[Start of section]

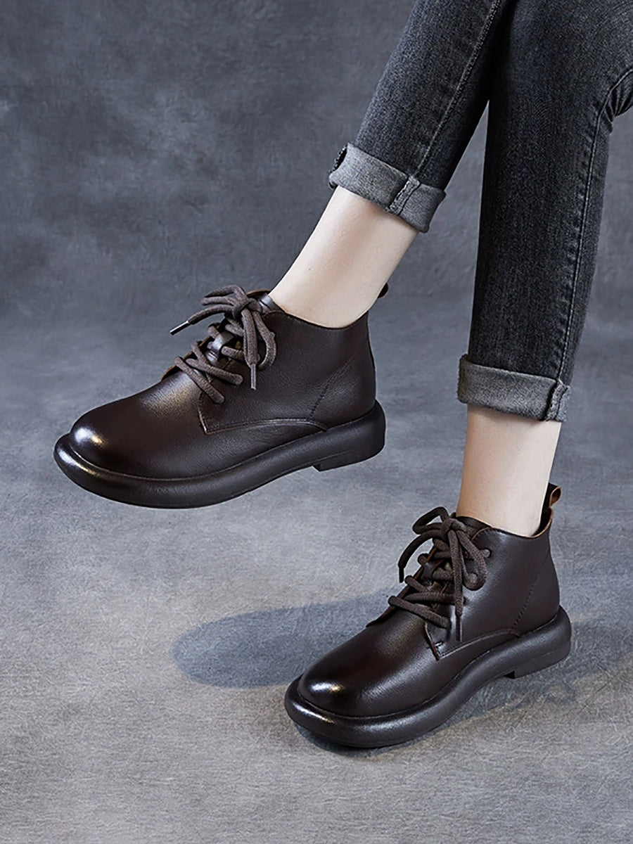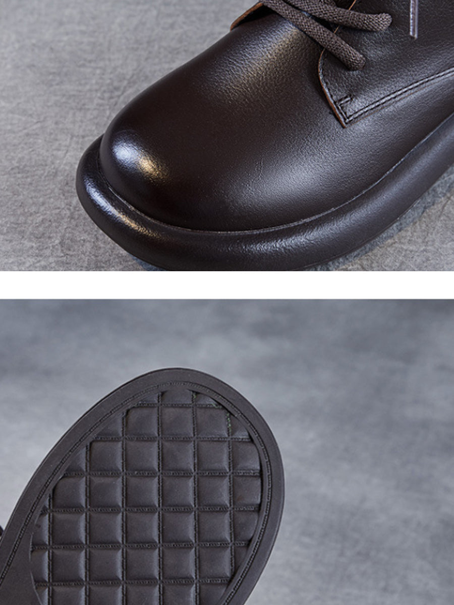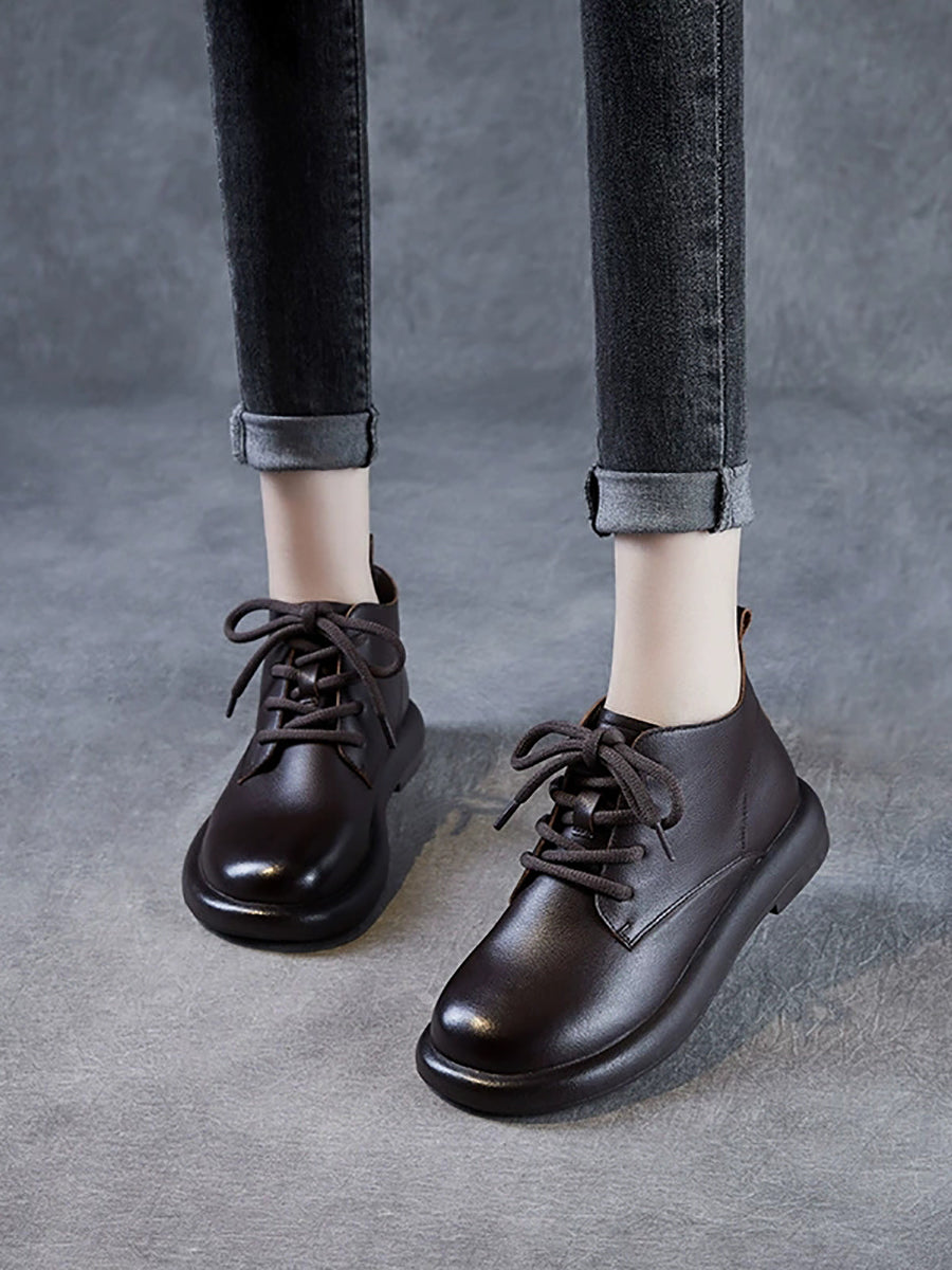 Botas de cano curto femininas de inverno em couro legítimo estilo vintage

[End of section]
[Start of section]

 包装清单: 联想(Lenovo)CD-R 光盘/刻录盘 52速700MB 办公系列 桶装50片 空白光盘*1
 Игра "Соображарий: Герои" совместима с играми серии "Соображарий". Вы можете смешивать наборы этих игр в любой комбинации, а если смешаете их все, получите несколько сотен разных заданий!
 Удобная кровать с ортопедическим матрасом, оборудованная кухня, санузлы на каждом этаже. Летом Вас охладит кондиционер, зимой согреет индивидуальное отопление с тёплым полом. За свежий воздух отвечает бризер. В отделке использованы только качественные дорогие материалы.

[End of section]

TASK DESCRIPTION:
Could you restate, word for word, the lines above from the one with "包装清单: 联想(Lenovo)CD-R 光盘/刻录盘" to the one with "Удобная кровать с", both included?

ANSWER BOX:
 包装清单: 联想(Lenovo)CD-R 光盘/刻录盘 52速700MB 办公系列 桶装50片 空白光盘*1
 Игра "Соображарий: Герои" совместима с играми серии "Соображарий". Вы можете смешивать наборы этих игр в любой комбинации, а если смешаете их все, получите несколько сотен разных заданий!
 Удобная кровать с ортопедическим матрасом, оборудованная кухня, санузлы на каждом этаже. Летом Вас охладит кондиционер, зимой согреет индивидуальное отопление с тёплым полом. За свежий воздух отвечает бризер. В отделке использованы только качественные дорогие материалы.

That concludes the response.